## EXERCISE
Would you return, word for word, the lines running from the one with "Ruched Bust Layered" to the final line of the listing below, pictures omitted?

## SUPPLIED MATERIAL
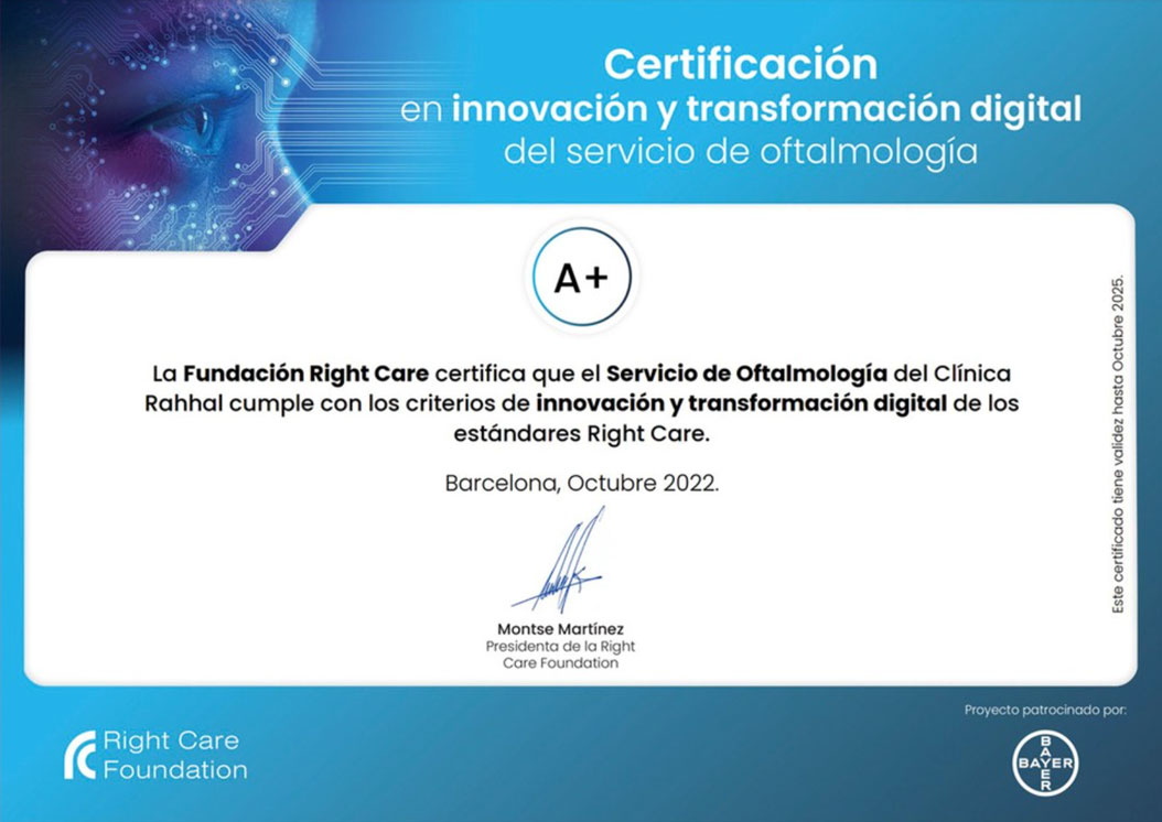 At Clínica Rahhal, we hold the Certification in Innovation and Digital Transformation, which recognizes our commitment to implementing the most advanced technologies in the field of ophthalmology.
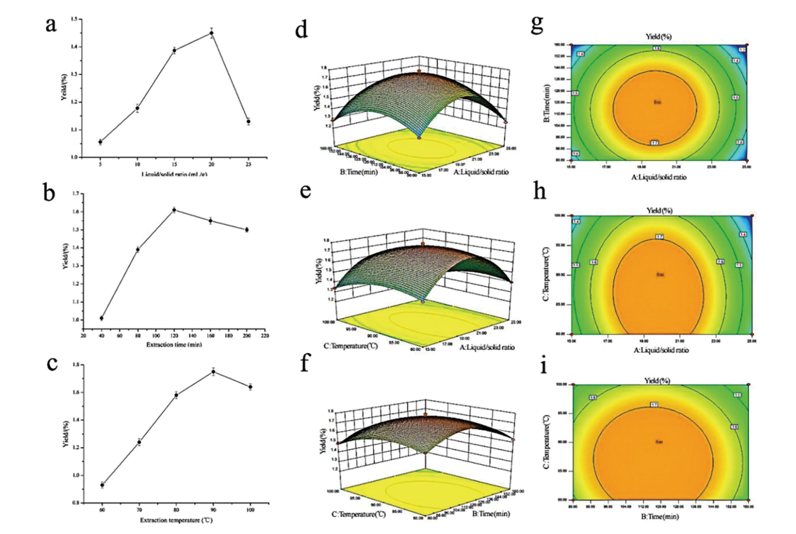 图 1 提取变量对 M. dauricum 根茎多糖产量的影响;响应曲面图和等高线图[1]。
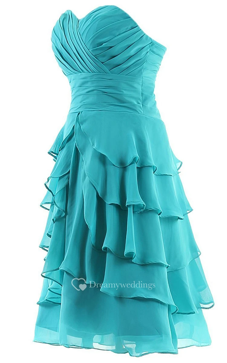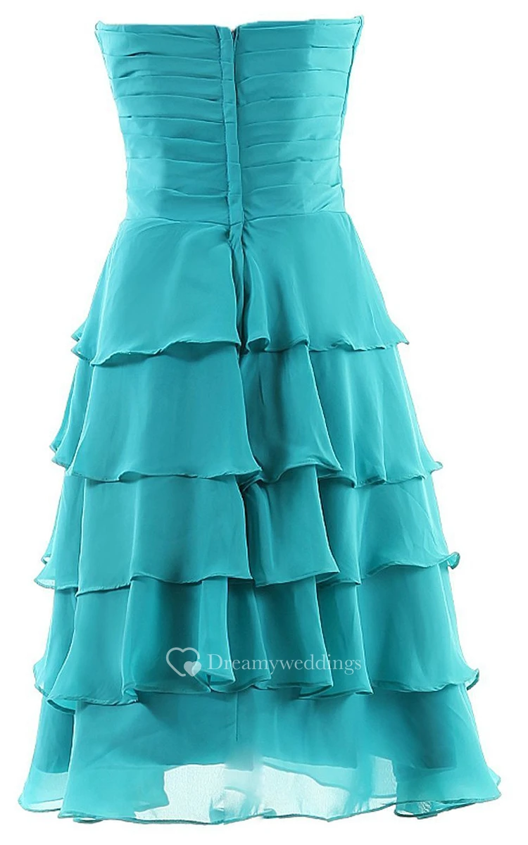 Ruched Bust Layered Chiffon Dress With Zipper Back
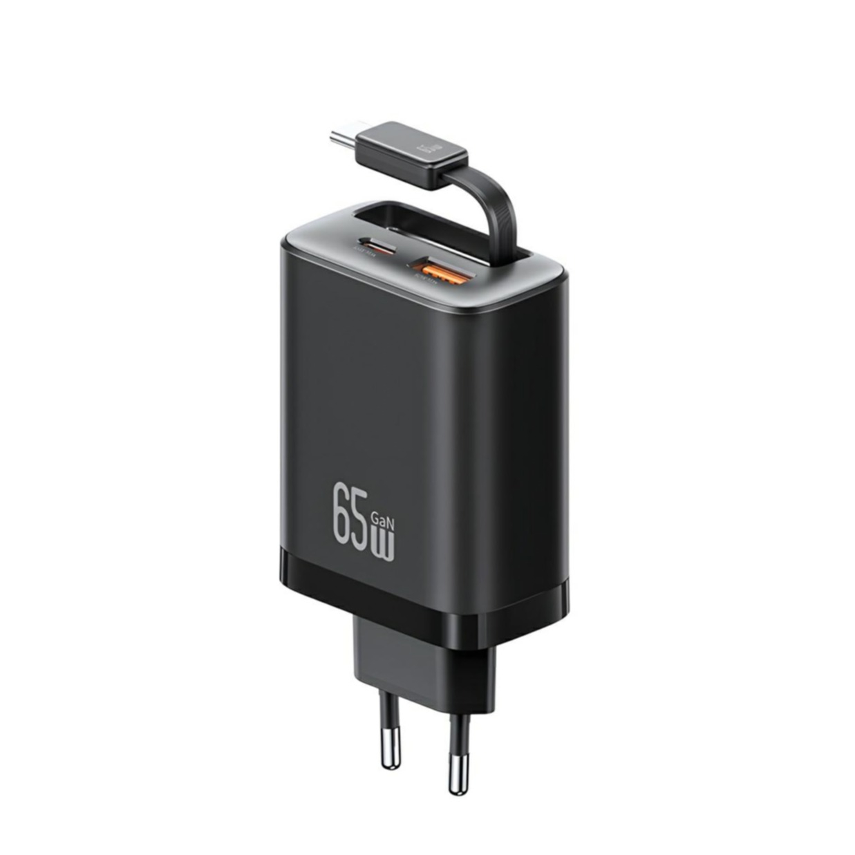 (65W) 3in1 2x USB C / 1x USB A GaN chargeur adaptateur secteur avec câble de charge rétractable + cordon d'alimentation (CC299TC01) - Noir

## RESULT
 Ruched Bust Layered Chiffon Dress With Zipper Back
 (65W) 3in1 2x USB C / 1x USB A GaN chargeur adaptateur secteur avec câble de charge rétractable + cordon d'alimentation (CC299TC01) - Noir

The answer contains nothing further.